▶ _Source material_
******

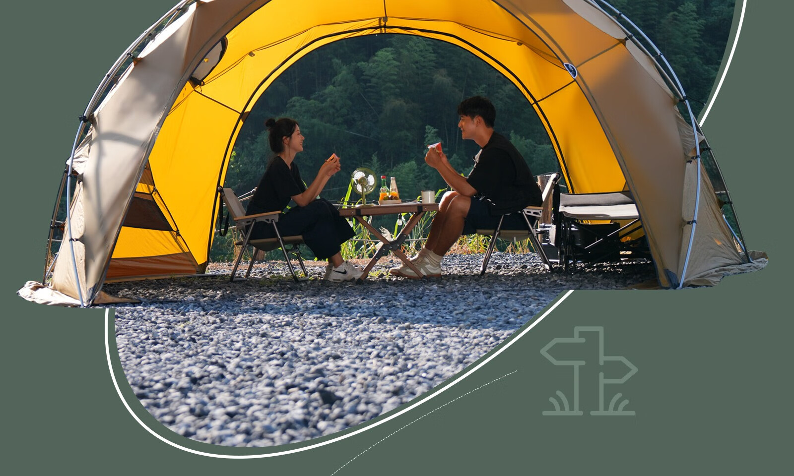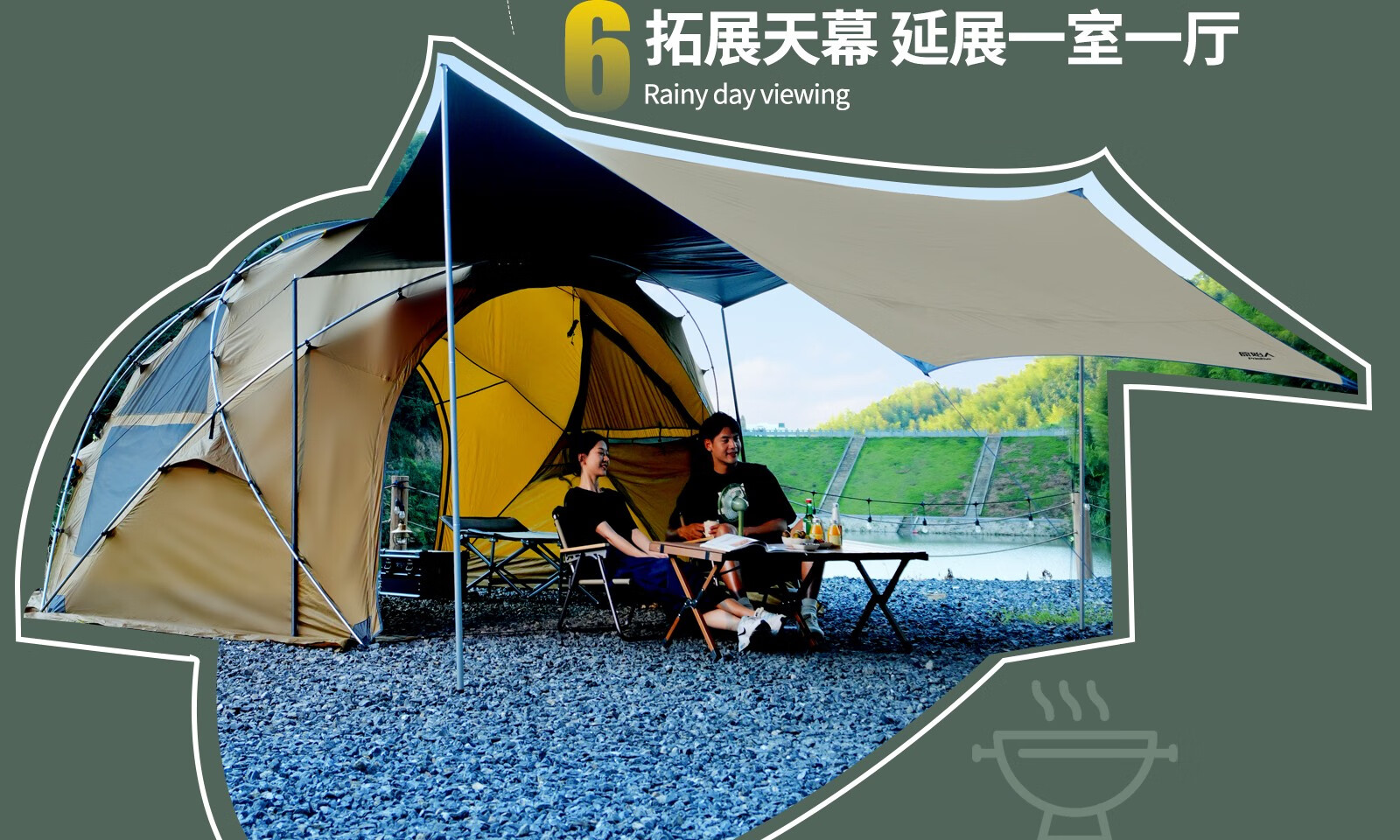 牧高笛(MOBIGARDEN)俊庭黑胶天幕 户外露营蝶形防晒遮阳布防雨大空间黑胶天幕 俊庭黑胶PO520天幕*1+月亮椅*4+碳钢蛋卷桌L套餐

******

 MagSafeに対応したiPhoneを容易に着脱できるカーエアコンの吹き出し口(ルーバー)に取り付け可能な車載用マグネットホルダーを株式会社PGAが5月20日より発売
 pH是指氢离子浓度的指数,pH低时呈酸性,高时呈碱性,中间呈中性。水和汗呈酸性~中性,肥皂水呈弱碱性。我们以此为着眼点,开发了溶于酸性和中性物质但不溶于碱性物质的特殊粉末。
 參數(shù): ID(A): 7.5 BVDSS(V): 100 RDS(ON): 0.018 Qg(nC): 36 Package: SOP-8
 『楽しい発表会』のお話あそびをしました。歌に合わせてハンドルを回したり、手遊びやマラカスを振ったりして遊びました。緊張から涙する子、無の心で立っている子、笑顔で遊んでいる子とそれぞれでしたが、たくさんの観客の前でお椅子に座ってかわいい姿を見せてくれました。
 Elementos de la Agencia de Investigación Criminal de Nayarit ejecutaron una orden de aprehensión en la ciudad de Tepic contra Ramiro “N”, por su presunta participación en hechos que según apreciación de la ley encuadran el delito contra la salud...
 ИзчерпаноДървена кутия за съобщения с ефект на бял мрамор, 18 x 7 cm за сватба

******

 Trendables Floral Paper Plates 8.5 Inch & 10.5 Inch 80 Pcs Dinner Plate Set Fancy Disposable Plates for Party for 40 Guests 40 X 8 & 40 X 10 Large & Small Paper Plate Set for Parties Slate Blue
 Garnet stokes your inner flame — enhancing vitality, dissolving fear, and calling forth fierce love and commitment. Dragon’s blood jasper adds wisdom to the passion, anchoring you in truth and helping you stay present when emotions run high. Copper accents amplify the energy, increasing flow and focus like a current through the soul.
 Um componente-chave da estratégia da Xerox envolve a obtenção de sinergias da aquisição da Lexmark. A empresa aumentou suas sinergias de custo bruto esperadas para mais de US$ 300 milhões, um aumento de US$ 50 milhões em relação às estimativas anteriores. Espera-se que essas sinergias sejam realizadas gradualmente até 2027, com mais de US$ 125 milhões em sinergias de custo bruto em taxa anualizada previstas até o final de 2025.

******

▶ _What the task requires_
Could you return exactly the stretch of the data above that starts at the line with "MagSafeに対応したiP" and ends at the line with "ИзчерпаноДървена кутия за", both lines included?

▶ _Solution to this task_
 MagSafeに対応したiPhoneを容易に着脱できるカーエアコンの吹き出し口(ルーバー)に取り付け可能な車載用マグネットホルダーを株式会社PGAが5月20日より発売
 pH是指氢离子浓度的指数,pH低时呈酸性,高时呈碱性,中间呈中性。水和汗呈酸性~中性,肥皂水呈弱碱性。我们以此为着眼点,开发了溶于酸性和中性物质但不溶于碱性物质的特殊粉末。
 參數(shù): ID(A): 7.5 BVDSS(V): 100 RDS(ON): 0.018 Qg(nC): 36 Package: SOP-8
 『楽しい発表会』のお話あそびをしました。歌に合わせてハンドルを回したり、手遊びやマラカスを振ったりして遊びました。緊張から涙する子、無の心で立っている子、笑顔で遊んでいる子とそれぞれでしたが、たくさんの観客の前でお椅子に座ってかわいい姿を見せてくれました。
 Elementos de la Agencia de Investigación Criminal de Nayarit ejecutaron una orden de aprehensión en la ciudad de Tepic contra Ramiro “N”, por su presunta participación en hechos que según apreciación de la ley encuadran el delito contra la salud...
 ИзчерпаноДървена кутия за съобщения с ефект на бял мрамор, 18 x 7 cm за сватба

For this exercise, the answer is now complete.